É da vida que fala o discurso político de quem manda? É a realidade o seu critério último? É a verdade a sua linha vermelha inultrapassável? A resposta a estas três perguntas é invariavelmente "não". O discurso político de quem manda é armadilhado: o seu critério maior é uma hábil, cínica e tática gestão das expectativas dos seus destinatários. E, para isso, o discurso político de quem manda não hesita em ser um discurso de distorção e de ocultação. Vejamos dois exemplos.

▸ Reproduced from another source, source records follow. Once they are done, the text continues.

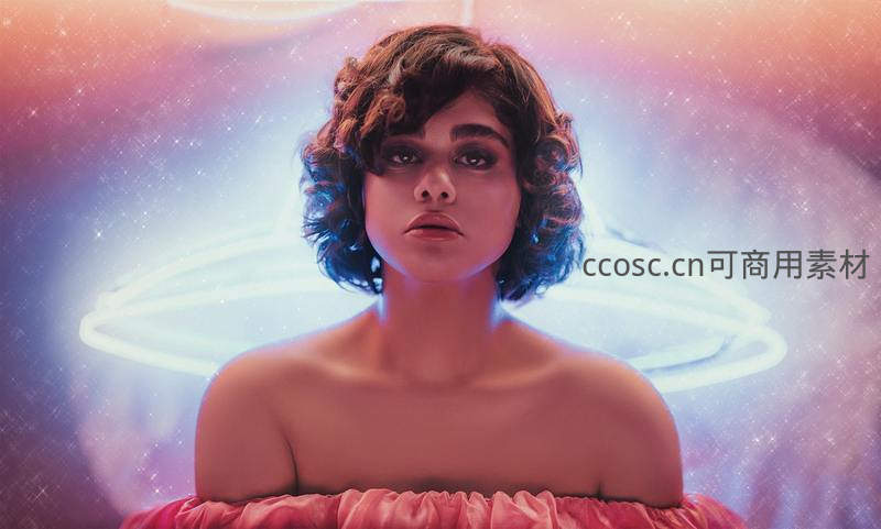 一位拥有蓬松卷发的年轻女性,在梦幻般的霓虹光环与星点背景中,以沉静而富有表现力的眼神直视镜头,营造出超现实的艺术氛围。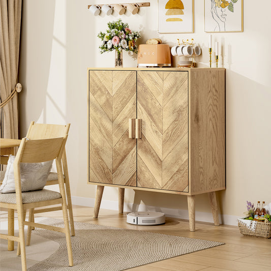 Storage Cabinet with Adjustable Shelf, Buffet Cabinet with Doors, Accent Cabinet for Kitchen, Living Room, Bathroom, Entryway, Natural
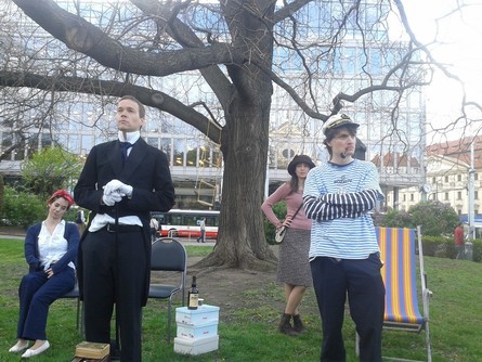 info Metaforická komedie z jedné lodi o temných krásách československého kolonialismu. Nenechme se mýlit, kolonialismus byl krásnou myšlenkou. Jen kdyby dějiny obdařily příležitostí koloniální touhu rozvinout ty správné, zaručeně nestranné a vždy tolerantní…Čechoslováky! Dokumentární veselohra vypráví o tajuplné pouti pěti dobrodruhů do útrob subsaharské Afriky. Na jedné lodi se tak roku 1920 spolu ocitne nesourodé pasažérstvo, z nějž každý si pěstuje trochu jiný tožský sen…ale i hrůzné jizvy z velké války. Co je zachrání před srdcem temnoty? Maďaři? Teritoriální tyjátr je Spolek studentů Institutu mezinárodních studií FSV UK a přátel (překrucování) soudobých dějin, jehož ústředním divadelním prostředkem je…faktografie. |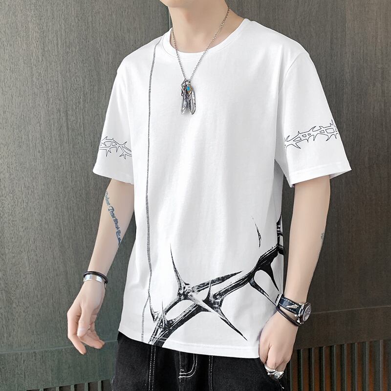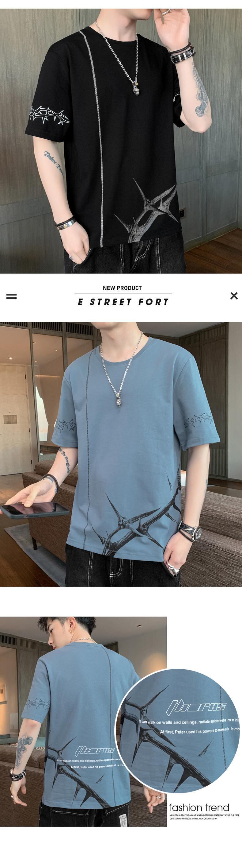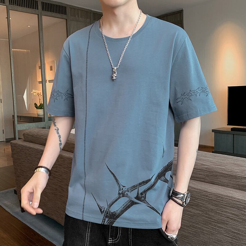 2022 summer new short-sleeved T-shirt men's cotton version of the trend Hong Kong fashion brand loose casual summer clothes コットン カジュアル サマー 夏物 Tシャツ doushi63955165048

O primeiro é o do discurso das previsões. O que separa o discurso das previsões das ciganas que leem a sina nas palmas das nossas mãos do discurso das previsões das grandes organizações económicas internacionais como a OCDE, o FMI ou a UE? Algo de fundamental: o primeiro é tido como crendice e não se lhe dá crédito na hora de decidir a nossa vida, ao passo que o segundo é tido como expressão de sofisticação analítica e, por isso, se lhe dá o crédito de controlar descontroladamente o crédito de que dispõem as nossas vidas. E, no entanto, as previsões das grandes organizações económicas internacionais são tão fantasiosas como as leituras ciganas da sina. Das 61 previsões sobre o crescimento económico na União Europeia feitas pelo Canco Central Europeu entre 2004 e 2011, 46 estavam erradas. Ainda em dezembro de 2010, a estimativa para o crescimento europeu em 2012 variava entre 0,6% e 2.8% - ora, a verdade, bem o sabemos, é que a economia europeia não cresceu, decresceu. As ciganas que leem a sina não fariam pior. Com uma diferença: é que, entretanto, as previsões (erradas) do Banco Central Europeu já provocaram efeitos devastadores irreversíveis: condicionaram as políticas que nos governam e deram cabo das vidas de muita gente.

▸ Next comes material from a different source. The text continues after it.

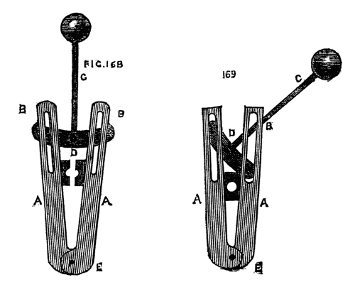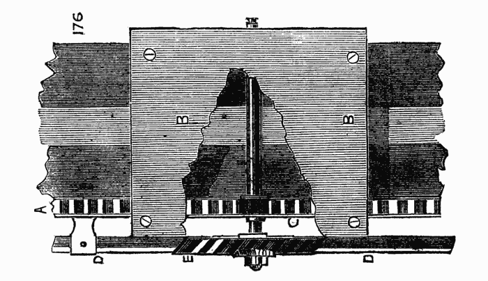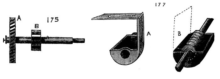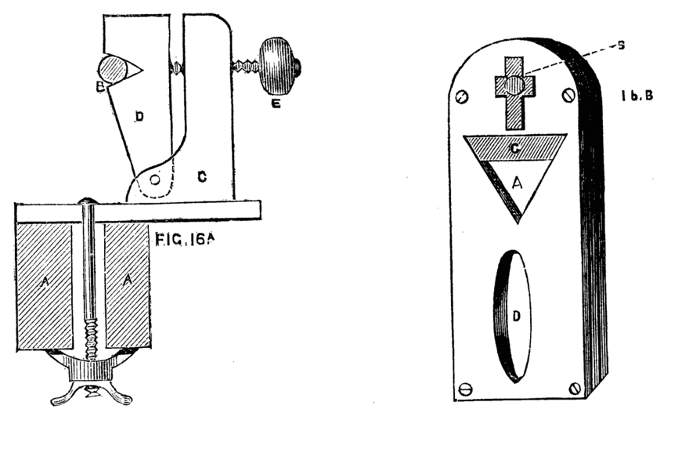 A modification of the latter, communicated to the English Mechanic, is shown in Fig. 16A. Its construction and mode of application is sufficiently evident without a detailed description. Fig. 16B is another form made in metal. It consists of two similar plates with a triangular opening A, through which the work is passed, and which has an oval slot D, by which the apparatus is secured to the short poppet of the boring collar. Between the two plates slides a third, partly visible at C, which can be clamped by a screw at B, this screw also serving as a stud by which the plate may be moved. The work is allowed to take up its own bearing in the triangular opening as it revolves in the lathe. The clamping screw of the poppet is then secured, and the centering thus made certain. The plate C is then made to descend so as to touch the work, and[9] clamped in that position. This is a very good central support for long slender articles.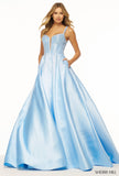 Mikado ball gown with hot fix and deep V illusion and crochet style lace up back.

Segundo exemplo: o discurso da dívida. O que separa o discurso da dívida feito por um merceeiro desonesto do discurso da dívida feito pela troika e pelos seus discípulos? Ambos usam o nevoeiro de uma contabilidade não auditada para exigir ao devedor coiro e cabelo, aquilo que ele deve e uma data de outras coisas que talvez se lhe faça acreditar que deve quando na verdade não deve. Mas o merceeiro desonesto é facilmente confrontável com a falta de seriedade da sua fatura e perde assim clientes, ao passo que, para a troika e os seus discípulos, quanto mais nevoeiro contabilístico mais poder e quanto mais poder mais destruição de economias, de países e de vidas concretas de pessoas concretas. Tudo irreversível, claro. Em nome da dívida, a troika e os seus discípulos decretaram desemprego, diminuição dos salários e das reformas, privatização de bens essenciais por tuta e meia, perda de direitos. Em nome da dívida, a troika e os seus discípulos preparam-se agora para degolar boa parte da administração pública, da escola pública e da segurança pública. E, no fim, a dívida não terá parado de crescer...

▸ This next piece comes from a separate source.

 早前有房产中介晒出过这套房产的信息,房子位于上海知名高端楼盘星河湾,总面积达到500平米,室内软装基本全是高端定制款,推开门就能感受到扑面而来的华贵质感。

Este discurso que faz da mistificação o suporte de um poder que estraga vidas, economias e sociedades é o grande inimigo atual da democracia. A luta pela democracia é, hoje mais do que nunca, irmã da luta pelo primado da realidade da vida contra a ficção excel de engenharias sociais purificadoras e da luta pelo conhecimento aberto contra a mentira disfarçada de tecnicidade. Um conhecimento crítico da realidade é o que mais temem os inimigos da democracia.